Because of this change, some philosophy graduate students working as TAs are concerned they will use up all their points on classes that do not meet their contractual obligations for GAI.
The dissemination of the new policy came as a surprise to many graduate students who worked as TAs as a supplement to their department requirements.
“I was absolutely astonished,” said one philosophy graduate student, who wished to remain anonymous after resigning from a teaching position. “I had no clue that was going to happen. To a certain extent, I think even my DGS was surprised.”
Graduate students were unclear as to whether there was an official change in the language of the program, if the methods of enforcement by the University have changed, or if upper-level department administrators have made changes.
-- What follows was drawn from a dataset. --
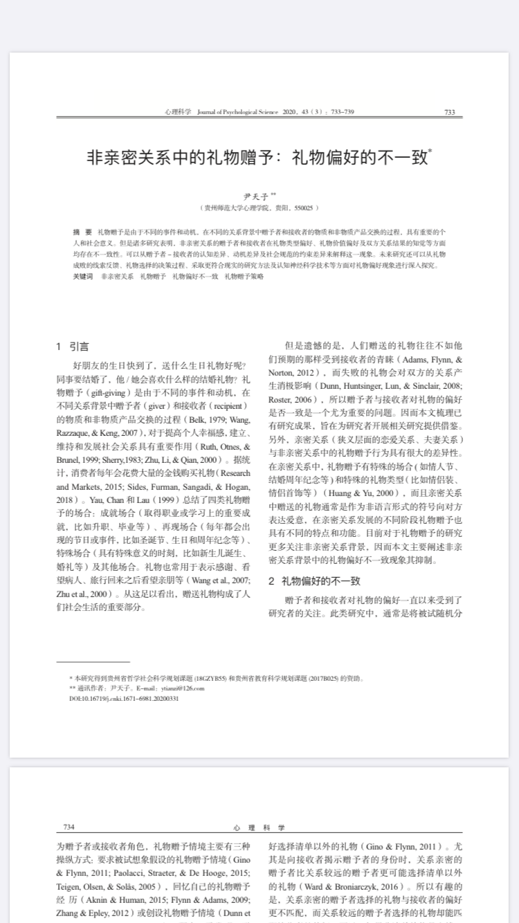 四、尹天子副教授在《心理科学》杂志发表题为“非亲密关系中的礼物赠予:礼物偏好的不一致”论文。

With no official announcement, the information surrounding the GAI’s new policy was disseminated by the philosophy department’s Director of Graduate Studies (DGS) chair Candace Vogler, who has declined to comment until the matter is resolved.
“The doomsday scenario was that students who had taught in the writing program will have used all of their points in the GAI,” said Mark Hopwood, a fourth year Ph.D. student in the philosophy department and a representative to the Graduate Students Union (GSU).
GSU is a pay-into organization which represents graduate students as workers, but is not recognized by the University as a collective bargaining group.
“Our concern is that graduate students need to have more of a say in the way these policies are implemented and the way their status as workers is defined,” said Hopwood. “We can’t, as graduate students, go on with the constant threat of the administration handing down something like this.”
Members of the GSU see the situation as demonstrating the need for graduate students to organize as workers. “Graduate students are employed as teachers without being employees,” said GSU member and English department graduate student Andrew Yale.
GSU member Duff Morton believes the GAI has provided a standardized system of financial support for a large, diverse body of students. “There used to be this dizzying variety of funding packages, and they’ve been rolled into two,” he said.
He said the GAI is too rigid and does not take into account the students’ varied needs. “Now the GAI needs to be modified to recognize the fact that not everybody is going to teach in the same way at the same time,” he said.
However, the administration has previously indicated graduate academic work as a priority. “For the history of the [writing] program, students have had to balance the program with finishing their scholarly work,” said Larry McEnerney, the director of the University’s writing programs.
According to students in the philosophy department, Deputy Provost for Graduate Education Cathy Cohen agreed to meet with the complainants, and Dean of the Humanities Martha Roth also met with students. Neither responded to emails and phone calls from the Maroon.
Still, Hopwood defended philosophy department leadership, which has already managed to recoup some of the students’ lost points. “They’ve been really helpful,” he said. “Our beef is definitely not with them.”